One of the weirdest parts, for me, of turning 70 is the realization that there is no one left alive in my family who really knew me as a little girl. My three remaining first cousins are all a decade and more older than I, so they didn’t really know me as I was. The part of me that was childhood will never be known again. That makes me a bit sad. But, change is a part of, and maybe even a definition of life. So, now that I am 70, I vow to remember that nothing ever stays the same, even me. I choose to believe that getting older can be interesting, and I will strive to illustrate an interesting old age by fully living it. To quote a line from a James McMurtry song, “There’s more in the mirror than there is up ahead.” With this in mind, I will remember that time itself is valuable, and I will never forget that by the time many of us get a good handle on how to live, it’s time to go.

When was the best time of your life?

If someone asked you that question, how would you respond? Would you have an instant answer? Would you ponder it for awhile? Or would you draw a blank? You’d think it would be easy to come up with a few stand-out days or events, wouldn’t you?

How does one define “best”? Does it mean the happiest, the most successful, or maybe the healthiest?

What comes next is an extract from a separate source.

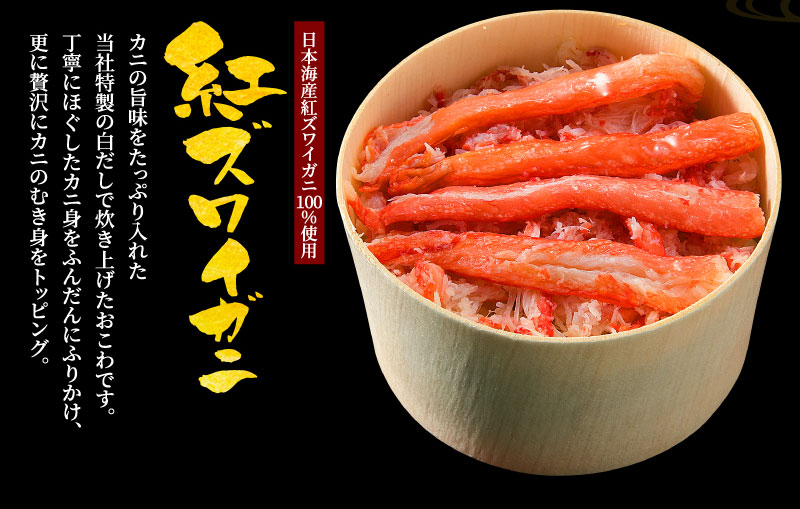 カニの旨味たっぷり!特製白だしで炊き上げたおこわです。 丁寧にほぐしたカニ身をふんだんにふりかけ、更にカニのむき身をトッピング。贅沢なカニの旨味と魚介やこんぶ、シイタケの旨みだしがおこわに染みわたっています。

People in their late twenties or early thirties might possibly point to their childhood, teen, or college years as being the “best” times in their lives. People that age are usually immersed in their work and often, their families, so at least occasionally, they might think of the years when they had few or no responsibilities as being the “best” part of their lives. And later, if that is how they really feel, or remains their main focus, perhaps they will always remain stuck in that particular part of their past.

For me, a period of little or no responsibility doesn’t represent the “best” of my life. I have no recollection of not being responsible to others who needed me through the years. The way I see it, responsibility to a variety of people and entities is a vital part of a happy, rewarding life.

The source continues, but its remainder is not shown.